特に決められた担当箇所があるわけではないけれど、それなりに教師はお互いに合わせて分散している。そうして何人もの生徒とすれ違う中、一人の生徒に会った。

「…松浦」

「あれ?本城」

 相手も俺に気づいて目を丸くした。

「ビックリした、会うとは思わなかったから」

 そう言って笑う松浦の隣には、見慣れない男がいた。年は同じ高校生だろうが…うちの学校の生徒じゃないみたいだ。



 俺の視線に気づいたんだろう。

 その男が、軽く会釈をする。愛想の良さそうな…俺とは正反対のタイプだ。それを見てから、松浦が「私の彼氏」と言った。



 そう言えば白石が、「智子は中学の時から裕貴くんっていう子と付き合ってる」て言ってたような…。相澤がいなければそれなりの挨拶の仕様もあるのだろうけれど、俺はこの時「こんばんは」と頭を下げるだけで留めた。

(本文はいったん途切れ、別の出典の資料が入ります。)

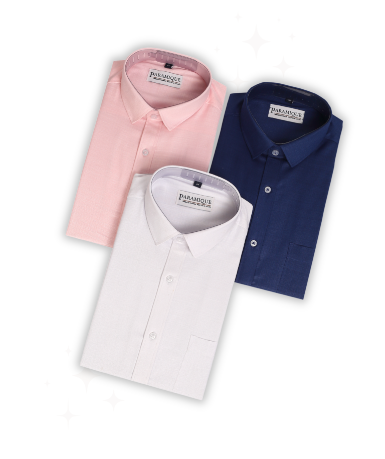 3 Shirt Set – White, Navy Blue, Light Pink | Premium Cotton Blend Collection
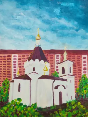 Я решила его изобразить, потому что он для меня является символом веры, символом духа народа, и конечно любви. Мне нравится внешний вид православных церквей и, как золотистые купола переливаются на солнце. Всё это я хотела передать в своей работе.
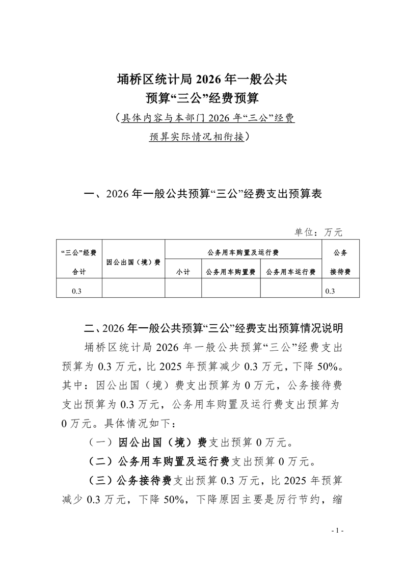 埇桥区统计局2026年一般公共预算“三公”经费预算
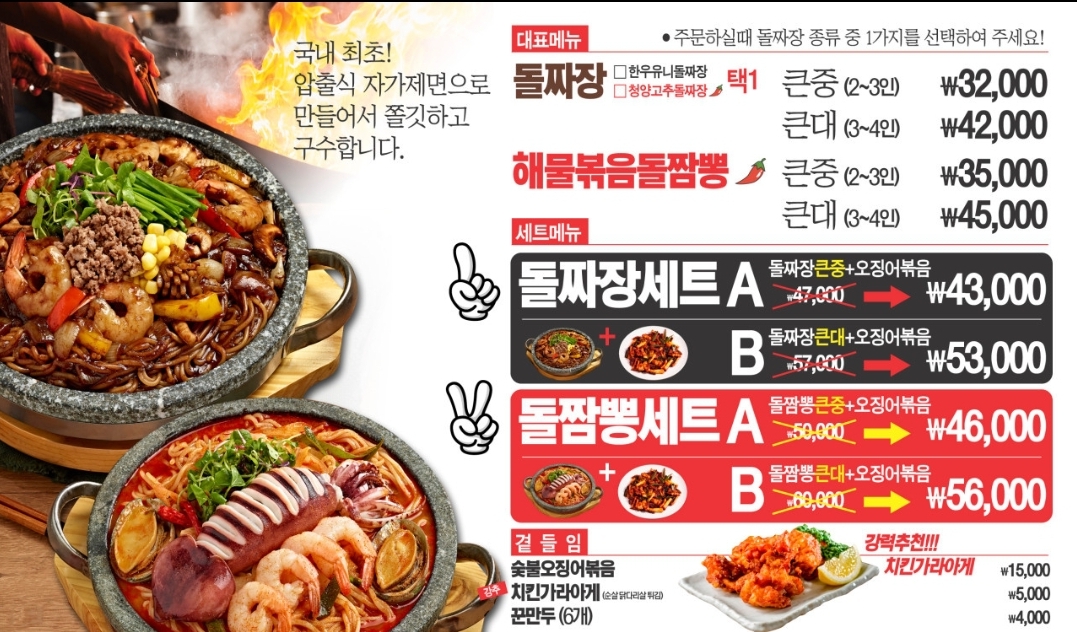 메뉴 돌짜장과 해물볶음돌짬뽕이

 それから、後ろの相澤に聞かれない程度の声で松浦に尋ねる。

「お前、白石と野崎と一緒じゃねぇのか」

「ん?あぁ、うん…なんか2人が気を遣ってくれてさぁ」

 いつも大人びて澄ましたような顔をする松浦が、この時だけは少し照れくさそうに笑った。


「本城もさ、和美も寂しい思いしてると思うから、次に会った時は甘やかしてあげてよー」

「……そりゃ難しいな」

 曖昧に首を捻って応じると、「何でよぅ」と松浦は膨れっ面をしてみせたけれど。彼氏が不思議そうに見ていたことと、かなり後ろにいた相澤が俺に追いついてきたことで口を噤んだ。



「じゃーね、先生たちさよーなら」

 相澤にもニッコリ笑って、松浦が手を振る。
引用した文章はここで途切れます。